Do not use AI-generated personality judgments, employee rankings, medical inference, or hidden surveillance as a shortcut for stakeholder understanding. The manuscript’s human-accountability principle matters here: people are not rows to be psychometrically guessed from messages.

Use AI to widen thought, then narrow with evidence

High-value patterns include:

  • ask for missing assumptions and counterarguments;
  • generate a pre-mortem, then validate risks with owners;
  • compare two plans against explicit criteria;
  • turn notes into candidate decisions/actions, then confirm them;
  • produce audience-specific drafts from one verified fact set;
  • rehearse executive, engineering, security, or customer questions;
  • identify inconsistencies across controlled artifacts;
  • generate test cases that specialists review.

Avoid outsourcing judgment by asking “What should we do?” with no context or criteria. Provide decision frame, constraints, evidence, and authority; require alternatives and uncertainty. The final recommendation should remain explainable without appealing to the model.

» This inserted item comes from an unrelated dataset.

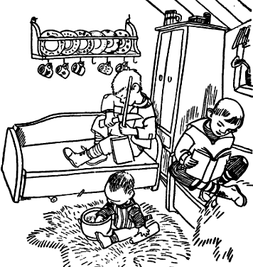Но когда Самуэль Август подрос и братья стали громко окликать его по имени, то звучало это просто как «Саммэльагуст». А было у него четверо братьев. Видели бы вы избушку, в которой они жили! В ней помещались всего лишь одна комната и кухня. И когда все мальчишки сидели дома, в избушке стоял несусветный гвалт. В комнате находился большой очаг, возле которого братья грелись в зимние вечера.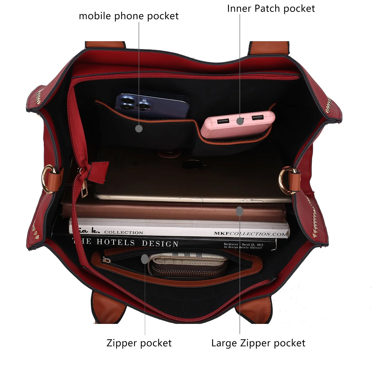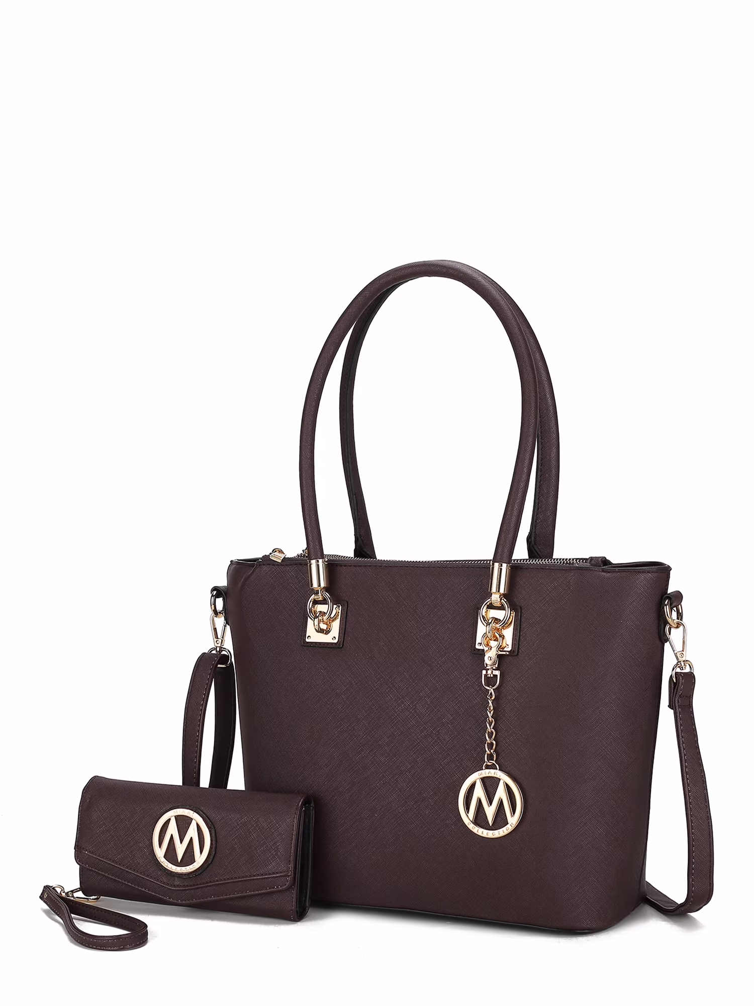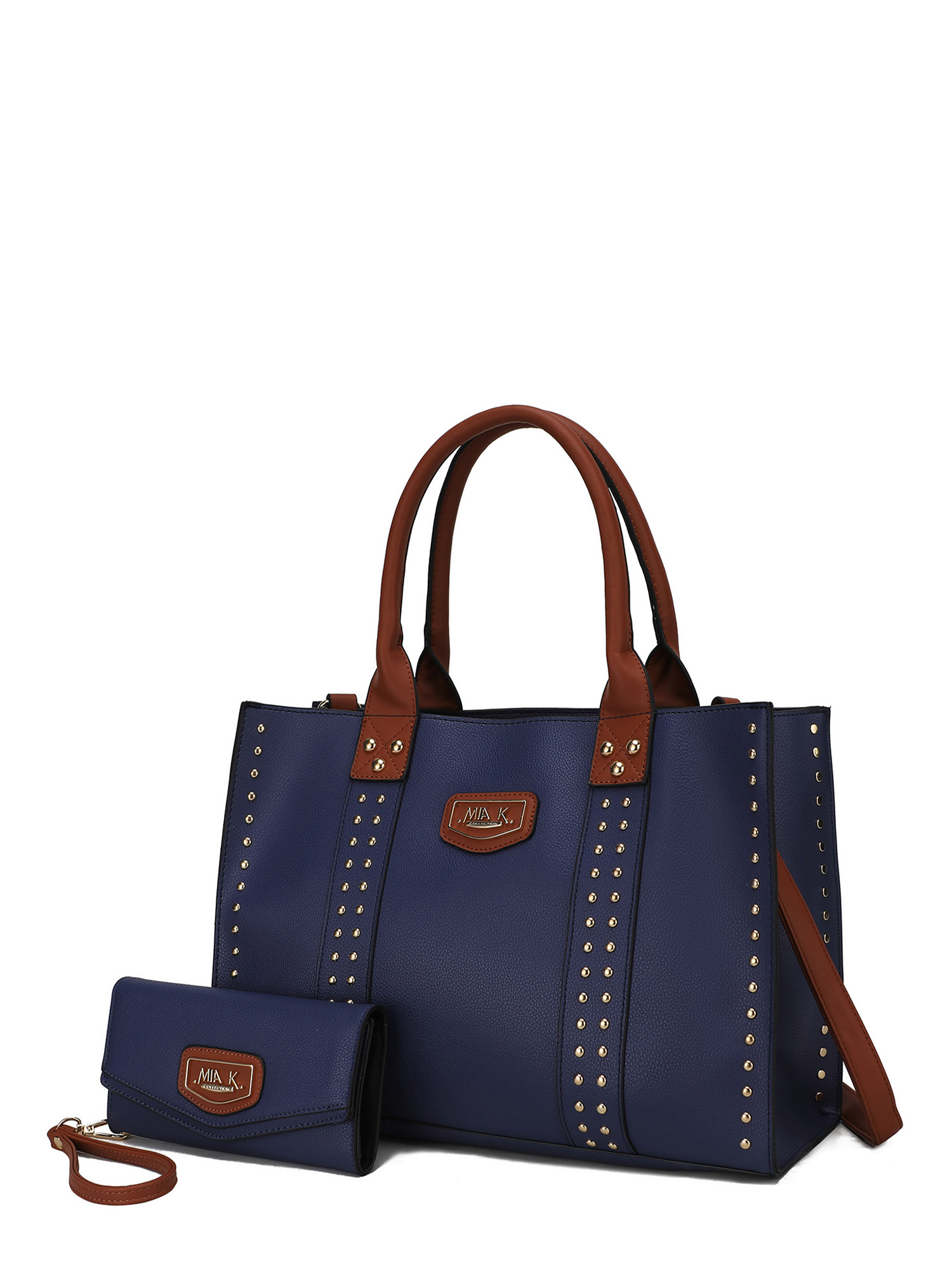 MKF Collection Women's Davina Faux Leather Tote Bag and Wallet Set, 2-Piece, Navy

Decision rights: Who owns what?

  • The information/data owner determines whether source material may be processed and under what controls.
  • Security, Privacy, Legal, Compliance, and Procurement define approved tooling and obligations.
  • Artifact owners remain accountable for accuracy and use: Engineering for technical claims, Finance for financial data, Legal for legal conclusions, and so on.
  • The decision authority owns the resulting program decision.
  • The TPM designs the AI-assisted workflow, minimizes data, preserves sources, coordinates verification, exposes limitations, and signs only claims they are authorized to make.
  • The AI system owns nothing. It has capabilities and recorded operations, not organizational accountability.

I do

I change the Meridian workflow. The assistant may draft from approved sources, but each status sentence carries a source pointer. The readiness section is generated only from the controlled evidence matrix. Red/yellow/green is computed from explicit criteria and remains a recommendation until I review exceptions with owners. External send requires my confirmation.

We do

An AI risk scan identifies “Security review may delay launch” from an old ticket. The current security owner says review finished yesterday but has not updated the ticket. Together decide what enters the status and RAID log.

Show the model answer

Model answer

Do not copy either claim blindly. Ask the security owner for the completion artifact and any residual findings. Update the system of record, then close or convert the risk based on evidence. The executive update can say “Security review completed on [date]; [finding/exception] remains” with a link. Record the AI flag as a useful discrepancy signal, not as authoritative program state.

Rubric (0–4)

  • 0: Trusts the AI or verbal correction automatically.
  • 1: Removes the risk without updating evidence.
  • 2: Confirms with owner but leaves systems inconsistent.
  • 3: Verifies the artifact, updates the record, and reports the qualified state.
  • 4: Also fixes source freshness, records the discrepancy, and samples for similar stale items.

You do

Choose one task: status drafting, meeting recap, risk discovery, dependency comparison, or executive rehearsal. Complete an AI Work Delegation and Verification Card:

Field Entry
Purpose and downstream decision
Approved input sources/data classification
Prohibited data or use
AI authority: suggest/draft/execute
Likely failure modes and consequence
Verification by claim type
Required owner confirmations
Record/version/retention
Final accountable human
Fallback and incident path

Run the workflow once. Record at least one correction, omission, or unsupported claim. If you find none, deliberately test negation, stale source, conflicting owner statements, and indirect instruction.

Pause & Recall

Recall the seven delegation questions. From Chapter 24, what makes an executive update decision-grade? From Chapter 28, what makes an approved tool insufficient without data-purpose controls? From Chapter 35, how can a retrieved document alter behavior?

Production lens

Maintain an approved-use inventory with tool, model, connectors, data classes, owners, and review dates. Monitor external sends and state-changing actions. Preserve a non-AI operating path for critical cadences. Review model/vendor changes. Treat recurrent correction patterns as workflow defects, not individual reviewer failure.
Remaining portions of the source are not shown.